Inclusion criteria and study variables
The study group consisted of all hospitalizations recorded in the NIS from 2016 to 2018. Exclusion criteria was age ≤ 18 years. Study variables included age, gender, race, length of stay (LOS), total charges, and in-hospital mortality. DAH hospitalization was defined by the presence of a principal International Classification of Diseases, Tenth Revision, Clinical Modification (ICD-10) of DAH (R048.9 or R04.9) or a principal ICD-10 code of respiratory failure (all J96 codes) combined with a secondary ICD-10 code of DAH (R048.9 or R04.9).
We used the following ICD-10 codes to identify diagnoses/comorbidities: antineutrophil cytoplasmic antibody (ANCA) vasculitis (AAV) codes M31.30, M31.31, M31.33, and M31.7; anticoagulants D68.32; anti-phospholipid antibody syndrome (APLS) D68.61; aortic valvular disorders all I35 codes; aspergillosis B44; HIV B20; bacterial pneumonia J13, J14, and J15; Behcet’s disease code M35.2; history of bone marrow transplant code Z94.81; chemotherapy codes Z51.11 and Z92.21; cocaine abuse all F14 codes; cryoglobulinemia code D89.1; cytomegaloviral (CMV) pneumonitis B.25.0; dermatomyositis (DM) and polymyositis (PM) all M33 codes; endocarditis all I33 codes; eosinophilic granulomatosis with polyangiitis (EGPA) codes M30.1; Goodpasture’s M31.0; graft versus host disease (GVHD) code D89.81; Hantavirus B33.4; Henoch Schoenlein Purpura (HSP) code D69.0, hemophilia code D66; heroin abuse code T40.1; herpes infection B00.7; human immunodeficiency virus (HIV) B20; immune-mediated thrombocytopenia (ITP) D69.3; inflammatory bowel disease K50 and K51; Legionnaires’ disease A48.1, leptospirosis A27; mitral stenosis I34.2; lymphangioleiomyomatosis J84.81; mixed connective tissue disease (MCTD) M35.9; myeloid leukemia all C92 codes; mycoplasma A49.3 and B96.0; myelodysplastic syndrome all D46 codes; pulmonary embolism (PE) I26; pulmonary hemosiderosis J84.03; rheumatoid arthritis (RA) all M05 and M06 codes; sarcoidosis all D86 codes; Sjogren’s disease all M35 codes; SLE M32, M32.1, M32.10, M32.11, M32.12, M32.13, M32.14, M32.19, M32.8, and M32.9; systemic sclerosis all M34 codes.
Outcomes
Three outcomes were studied: (1) the prevalence of DAH hospitalizations and the in-hospital mortality, (2) description of demographic characteristics of DAH patients, and (3) identification of rheumatic conditions statistically associated with DAH hospitalizations.
Statistical analysis
We have used STATA version 16 (StataCorp, TX, USA) to perform the analyses.
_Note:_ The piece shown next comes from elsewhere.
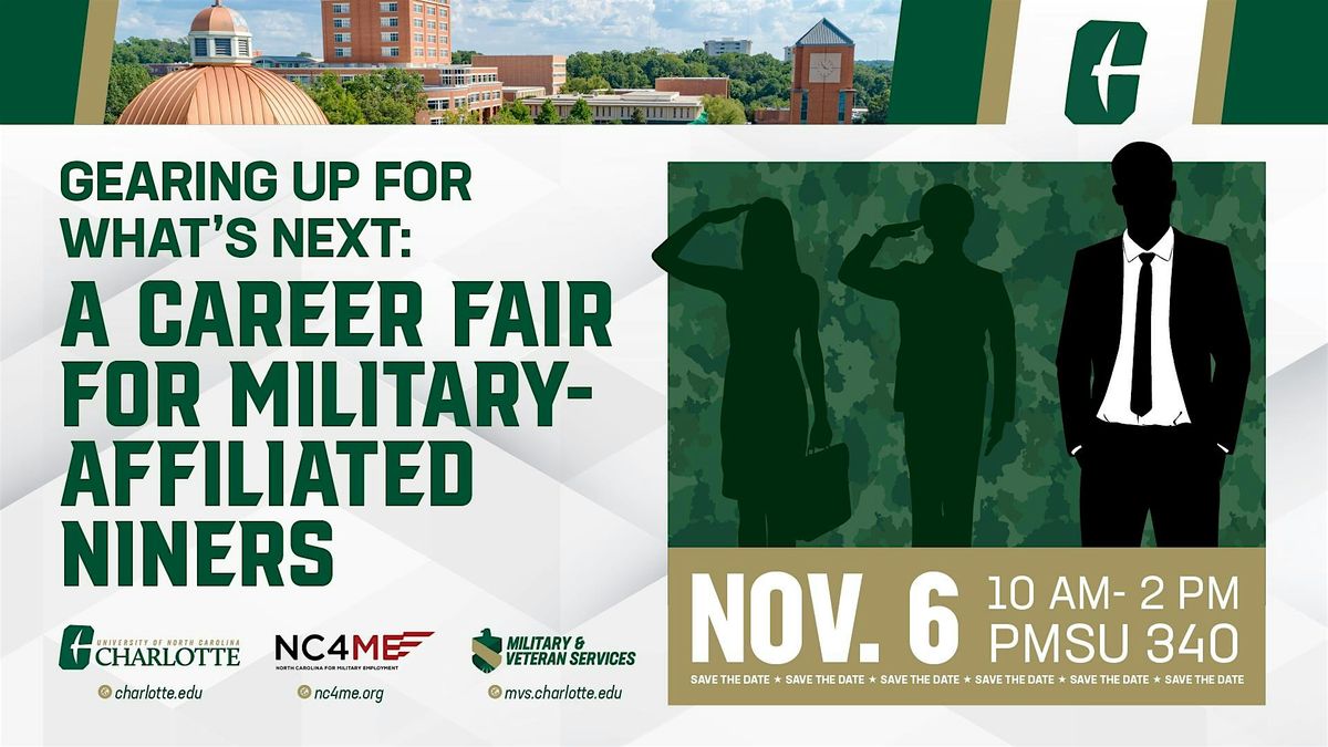 NC4ME has partnered with UNC - Charlotte to bring you the Gearing Up for What's Next Career Fair. This event will connect transitioning service members, veterans, and military spouses with employers who are actively hiring across North Carolina.

A univariate logistic regression analysis was used to calculate unadjusted odds ratios (ORs) for a principal diagnosis of DAH. All variables with p-values < 0.2 were included in a multivariate logistic regression model. Adjusted OR (ORadj) were reported and considered significant when p-values were < 0.05. Risk factors for DAH were selected from extensive literature review.
Results
There were 90,879,561 adult hospital discharges in the combined 2016–2018 NIS database. Of those, 5420 met our case definition of DAH (Table 1). Compared to the control population, majority of the DAH patients were males (57.8% vs 44%, p < 0.001), were older (61.8 vs 57.9 years, p < 0.001), had longer LOS (10.6 days vs 4.7 days, p < 0.001), higher mean hospital charges ($160,898 vs $53,567, p < 0.001), and more likely to have in-hospital death (24.5% vs 2.2%, p < 0.001). Race/ethnicity were distributed among DAH patients as follows: White 71.7%, African American 13.4%, Hispanic 8.8%, Asian or Pacific Islander 2.9%, Native American 0.9%, and other 2.3%.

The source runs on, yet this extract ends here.